Ranking correct. Notes PROTAC spatial biology limitation. Cannot run 26-tissue scan. References teclistamab (Moreau et al., NEJM 2022).

Correct ranking with per-modality rationale — no atlas scan
Claude Sonnet 4.6 · Thinking: OFF (standard)
"BCMA is one of the cleanest modality decisions in oncology — all four discriminating factors point in the same direction: cell-type restriction, no critical-tissue expression, internalization (ADC viable), and CD3-paired bispecific opportunity. CAR-T is #1. But I can't run the 26-tissue scan or generate the IHC panel."
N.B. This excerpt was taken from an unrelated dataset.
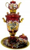 Самовар 3 л с художественной росписью "Кудрина на бордо" в наборе (овал)
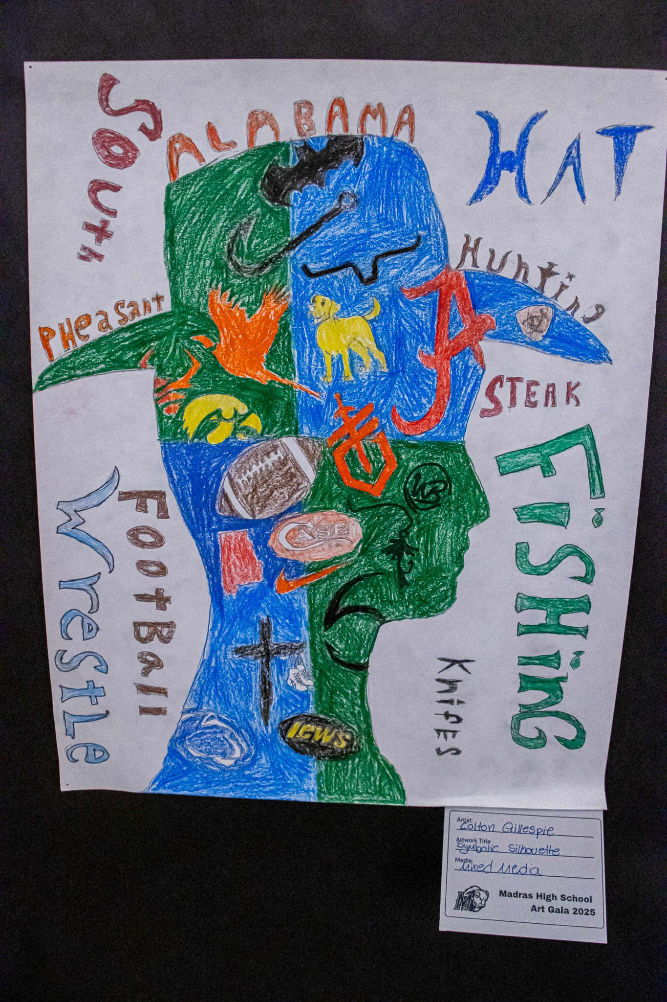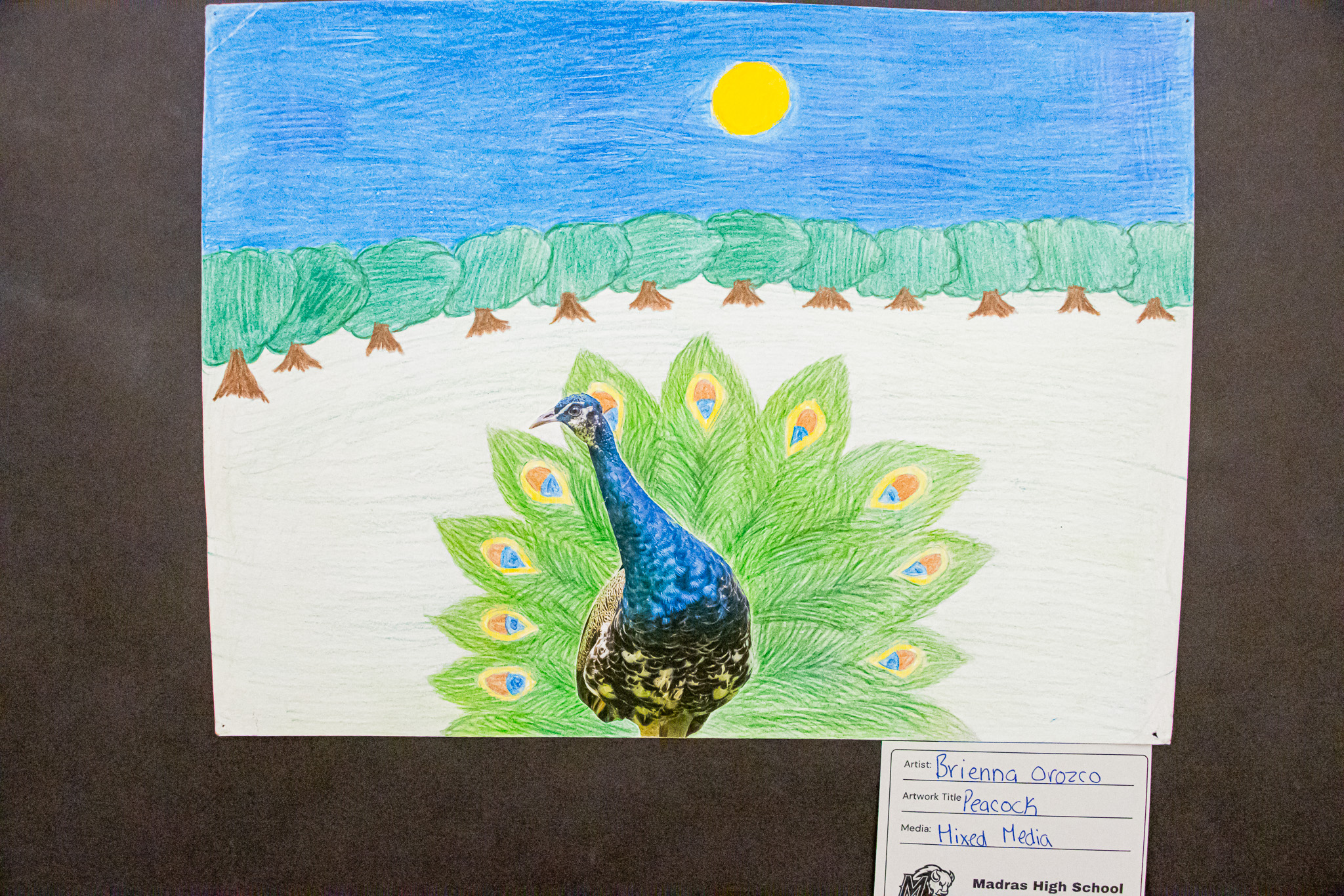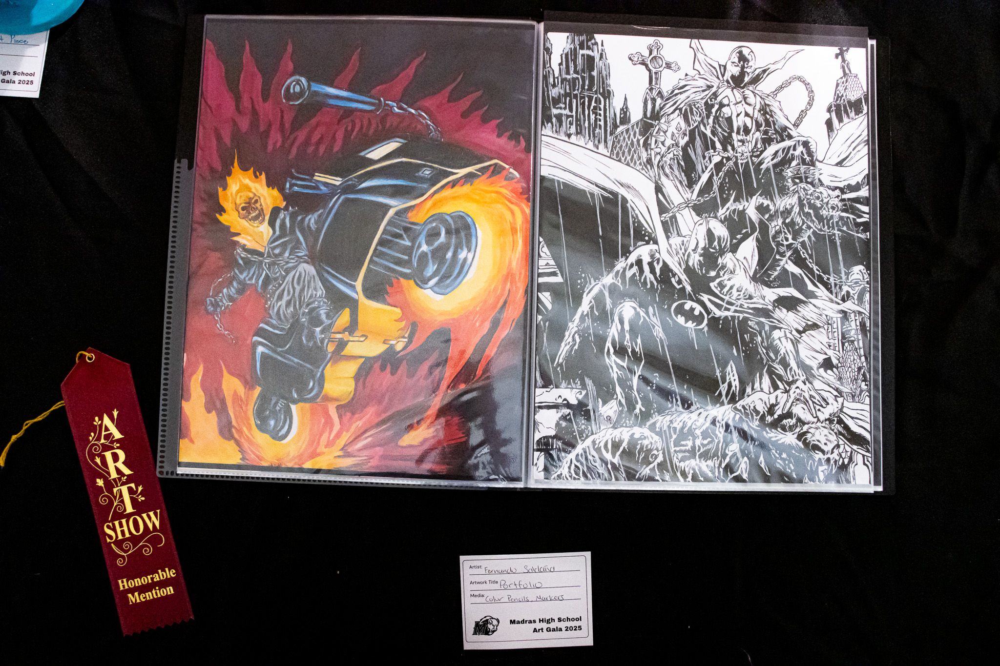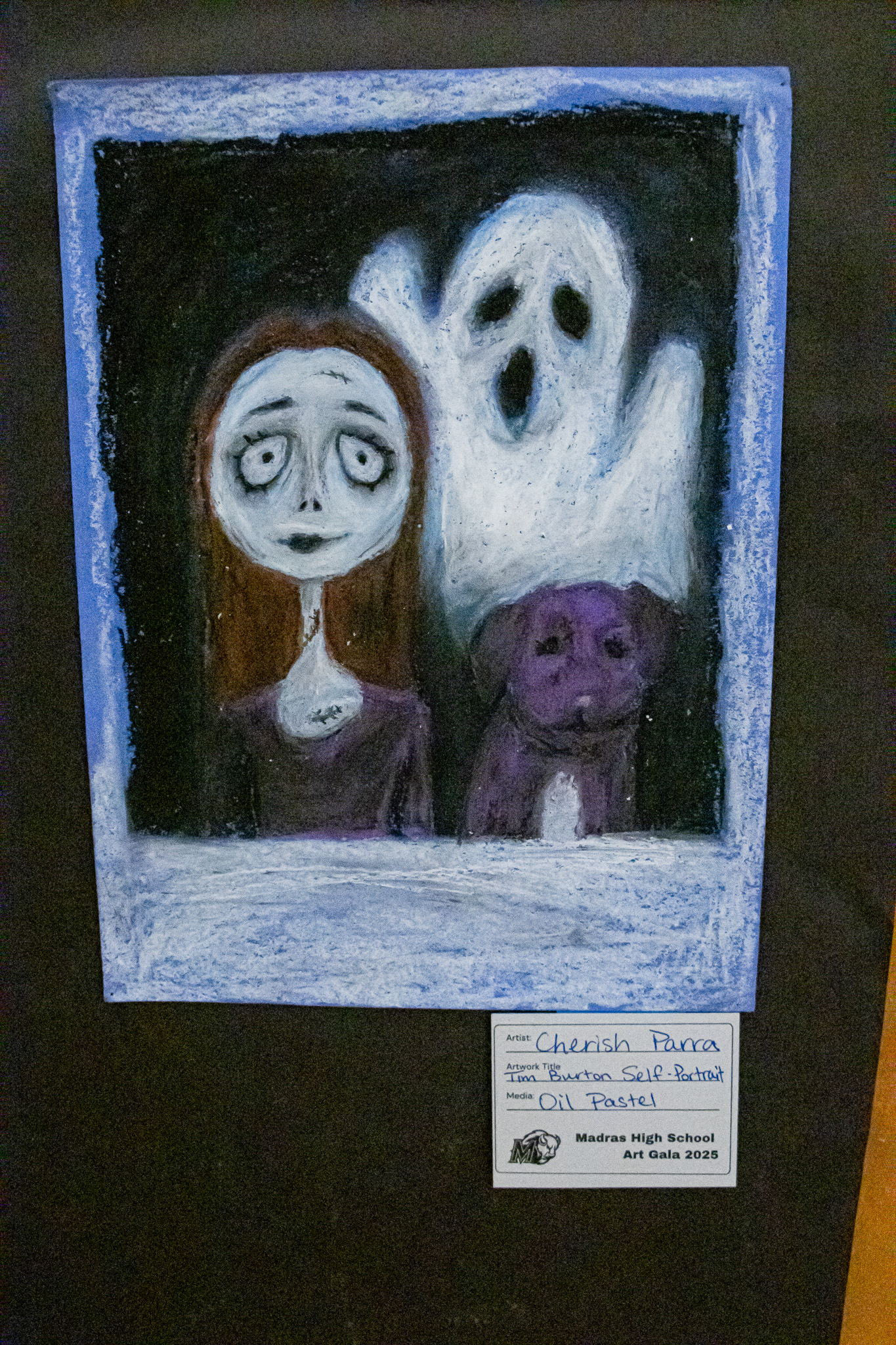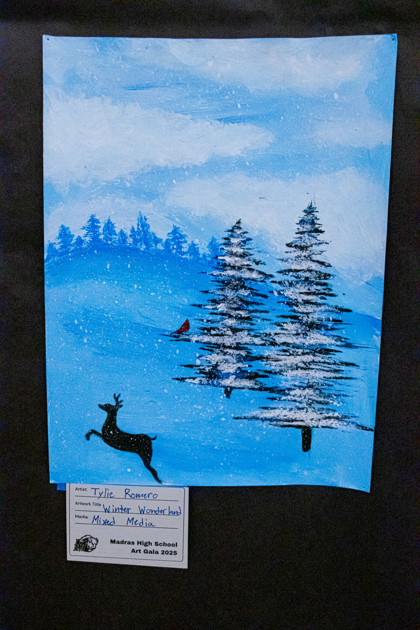 For the first time in its history, the commons of Madras High School was transformed into a vibrant art gallery for our inaugural Art Gala. Student artwork covered the walls and tables inside the commons. This included different mediums of art like ceramics, paintings, graphics, photography, and more.

Ranking correct. Correctly identifies the 4 discriminating factors. Cannot produce ihc_followup_panel.txt.

Correct reasoning — but no atlas output files
BioMate · two-workflow chain

W1 — atlas_expression_query: BCMA across 26 tissues. Plasma cells: high. CNS/heart/kidney/liver: not detected.

W2 — modality_triage: CAR-T gate clears. ADC internalization confirmed. CD3 bispecific viable.

Outputs: modality_ranking.csv, tissue_criticality.json, ihc_followup_panel.txt.

Claudin18.2 → critical-tissue flag → mAb #1 (not CAR-T). 7/7 recent FDA approvals (2021–2024) recovered from expression data alone.

CAR-T #1 + 4 structured output files + IHC panel
Key gap

All four systems reach the same conclusion for BCMA — it is a well-characterized target with published single-cell expression data. The real test is a novel target. Claudin18.2 in any LLM returns a paragraph; BioMate's atlas scan flags epithelial lung/pancreas expression and shifts the winner from CAR-T to mAb (Vyloy/zolbetuximab, Oct 2024). For a completely unpublished 2027 target, LLMs have no atlas data to recall. BioMate's live query returns the same answer regardless of training-corpus coverage.